DoubleDelta and Gorilla codecs are used in Gorilla TSDB as the components of its compressing algorithm. Gorilla approach is effective in scenarios when there is a sequence of slowly changing values with their timestamps. Timestamps are effectively compressed by the DoubleDelta codec, and values are effectively compressed by the Gorilla codec. For example, to get an effectively stored table, you can create it in the following configuration:

CREATE TABLE codec_example
(
    timestamp DateTime CODEC(DoubleDelta),
    slow_values Float32 CODEC(Gorilla)
)
ENGINE = MergeTree()

General Purpose Codecs

Codecs:

  • NONE — No compression.
  • LZ4 — Lossless data compression algorithm used by default. Applies LZ4 fast compression.
  • LZ4HC[(level)] — LZ4 HC (high compression) algorithm with configurable level. Default level: 9. Setting level <= 0 applies the default level.

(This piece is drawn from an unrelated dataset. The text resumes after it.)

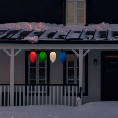 Add a retro touch to your outdoor holiday display with these blow mold-constructed light bulbs. The blow mold construction lends to that nostalgic feel while adding a pop of color and a warm glow to your holiday decor. Designed with green, white, red, and blue light covers, you can let the festivities begin. It is just perfect for outdoor decorating in your yard, porch, and patio.Product Features:Set of 4 C7 style outdoor lighted decorationsRetro style blow mold constructionEach decoration is lighted with 1 clear replaceable C7 glass bulbBulb type: incandescentLarge C7 covers come in red, green, white and blue huesPlastic gold hook on each cap for hanging60″ white lead cord120 volts, 60 hertz, 0.12 amps, 14 wattsContains 1 plug – can not connect other items UL approved and certified for indoor or outdoor useDimensions: 20″ high x 10″ diameterMaterial(s): plastic/glass bulbs/wire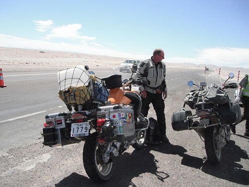 今日は朝9時ごろに出発しようと思っていたのですが、6時ごろに目が覚めてしまいました。ちょっとベッドの上でウダウダして、外に出るとライダーがいました。そうです、もう1つのオレンジ色のGSのオーナーです。彼はフレッド、ドイツ人。チリでGSを買って3ヶ月間でチリ、ペルー、ボリビア、アルゼンチンを旅するのだそう。「今日は何処まで?」と訊くと、「チリのカラマまで。」と言うので、同じ目的地。なので一緒に行くことに。だから出発は早めになりました。

Possible levels: [1, 12]. Recommended level range: [4, 9].
  • ZSTD[(level)]ZSTD compression algorithm with configurable level. Possible levels: [1, 22]. Default value: 1.

High compression levels are useful for asymmetric scenarios, like compress once, decompress repeatedly. Higher levels mean better compression and higher CPU usage.

Temporary Tables

ClickHouse supports temporary tables which have the following characteristics:

  • Temporary tables disappear when the session ends, including if the connection is lost.
  • A temporary table uses the Memory engine only.
  • The DB cant be specified for a temporary table. It is created outside of databases.
  • Impossible to create a temporary table with distributed DDL query on all cluster servers (by using ON CLUSTER): this table exists only in the current session.
  • If a temporary table has the same name as another one and a query specifies the table name without specifying the DB, the temporary table will be used.
  • For distributed query processing, temporary tables used in a query are passed to remote servers.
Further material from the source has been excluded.